DIRECTIONS>
Reproduce word for word, from the entries below, the line with "Pynt Hotel 8", the line with "本网讯(修伟)11月26—2", and every line between them, and nothing more.

DATA LISTING>
:::::

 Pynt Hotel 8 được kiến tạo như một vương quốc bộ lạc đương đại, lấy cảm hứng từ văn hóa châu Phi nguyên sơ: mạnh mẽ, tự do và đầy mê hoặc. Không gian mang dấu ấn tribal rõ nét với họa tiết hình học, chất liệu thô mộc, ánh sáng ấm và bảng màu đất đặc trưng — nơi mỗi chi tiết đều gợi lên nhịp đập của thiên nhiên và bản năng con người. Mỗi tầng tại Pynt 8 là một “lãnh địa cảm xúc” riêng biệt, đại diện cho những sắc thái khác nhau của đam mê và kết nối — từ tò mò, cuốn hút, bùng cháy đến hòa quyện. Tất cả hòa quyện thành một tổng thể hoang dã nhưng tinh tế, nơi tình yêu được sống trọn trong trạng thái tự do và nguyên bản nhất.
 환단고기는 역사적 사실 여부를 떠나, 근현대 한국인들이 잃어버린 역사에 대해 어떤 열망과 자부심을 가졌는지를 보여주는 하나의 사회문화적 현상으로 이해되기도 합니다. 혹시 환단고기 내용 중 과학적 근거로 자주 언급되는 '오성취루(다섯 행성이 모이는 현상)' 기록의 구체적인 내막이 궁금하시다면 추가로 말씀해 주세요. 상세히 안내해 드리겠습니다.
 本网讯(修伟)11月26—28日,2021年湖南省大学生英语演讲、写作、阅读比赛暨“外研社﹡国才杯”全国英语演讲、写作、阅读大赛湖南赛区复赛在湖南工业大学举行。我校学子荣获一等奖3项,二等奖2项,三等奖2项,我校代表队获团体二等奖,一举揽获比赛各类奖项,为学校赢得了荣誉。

:::::

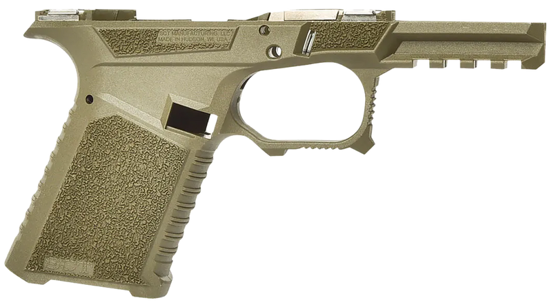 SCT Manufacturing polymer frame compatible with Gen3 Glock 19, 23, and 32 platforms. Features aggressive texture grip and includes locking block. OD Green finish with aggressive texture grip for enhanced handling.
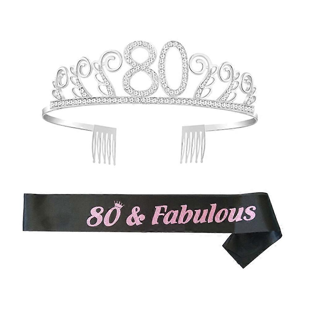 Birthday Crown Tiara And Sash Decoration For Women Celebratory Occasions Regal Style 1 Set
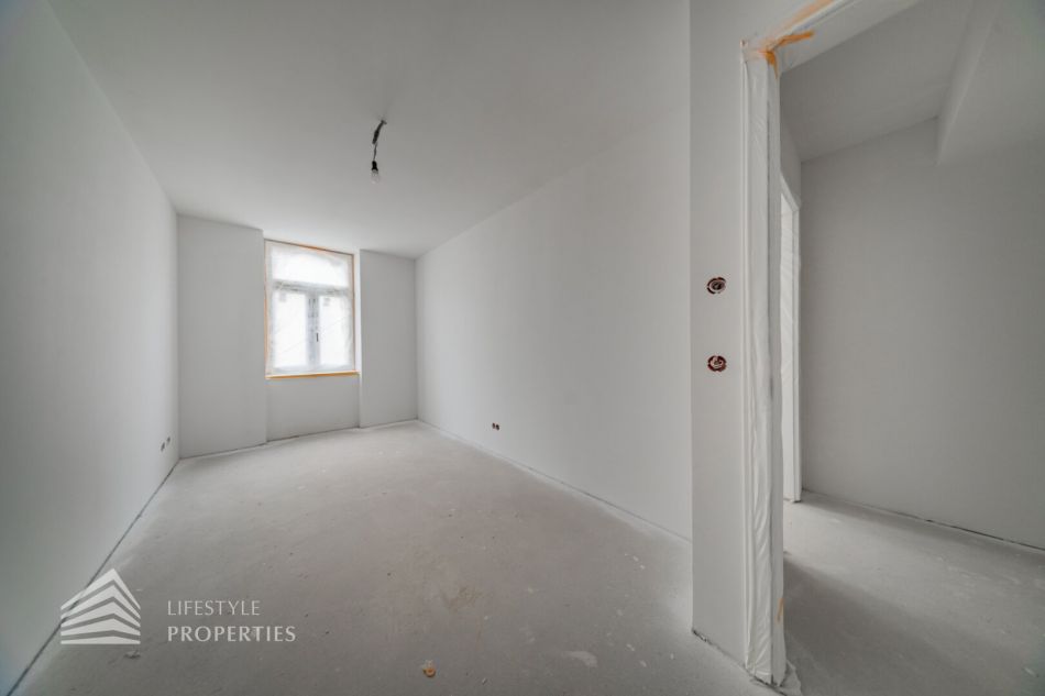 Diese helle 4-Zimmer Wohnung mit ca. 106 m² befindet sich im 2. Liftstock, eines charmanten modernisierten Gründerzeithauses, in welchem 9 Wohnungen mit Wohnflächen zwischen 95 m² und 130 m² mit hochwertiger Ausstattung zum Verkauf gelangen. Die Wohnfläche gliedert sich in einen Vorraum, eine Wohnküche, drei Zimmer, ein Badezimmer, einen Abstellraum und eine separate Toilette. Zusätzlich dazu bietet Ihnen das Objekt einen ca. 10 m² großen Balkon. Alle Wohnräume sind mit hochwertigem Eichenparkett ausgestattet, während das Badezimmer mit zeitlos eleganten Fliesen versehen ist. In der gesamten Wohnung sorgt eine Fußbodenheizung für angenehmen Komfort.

:::::

YOUR SOLUTION>
 Pynt Hotel 8 được kiến tạo như một vương quốc bộ lạc đương đại, lấy cảm hứng từ văn hóa châu Phi nguyên sơ: mạnh mẽ, tự do và đầy mê hoặc. Không gian mang dấu ấn tribal rõ nét với họa tiết hình học, chất liệu thô mộc, ánh sáng ấm và bảng màu đất đặc trưng — nơi mỗi chi tiết đều gợi lên nhịp đập của thiên nhiên và bản năng con người. Mỗi tầng tại Pynt 8 là một “lãnh địa cảm xúc” riêng biệt, đại diện cho những sắc thái khác nhau của đam mê và kết nối — từ tò mò, cuốn hút, bùng cháy đến hòa quyện. Tất cả hòa quyện thành một tổng thể hoang dã nhưng tinh tế, nơi tình yêu được sống trọn trong trạng thái tự do và nguyên bản nhất.
 환단고기는 역사적 사실 여부를 떠나, 근현대 한국인들이 잃어버린 역사에 대해 어떤 열망과 자부심을 가졌는지를 보여주는 하나의 사회문화적 현상으로 이해되기도 합니다. 혹시 환단고기 내용 중 과학적 근거로 자주 언급되는 '오성취루(다섯 행성이 모이는 현상)' 기록의 구체적인 내막이 궁금하시다면 추가로 말씀해 주세요. 상세히 안내해 드리겠습니다.
 本网讯(修伟)11月26—28日,2021年湖南省大学生英语演讲、写作、阅读比赛暨“外研社﹡国才杯”全国英语演讲、写作、阅读大赛湖南赛区复赛在湖南工业大学举行。我校学子荣获一等奖3项,二等奖2项,三等奖2项,我校代表队获团体二等奖,一举揽获比赛各类奖项,为学校赢得了荣誉。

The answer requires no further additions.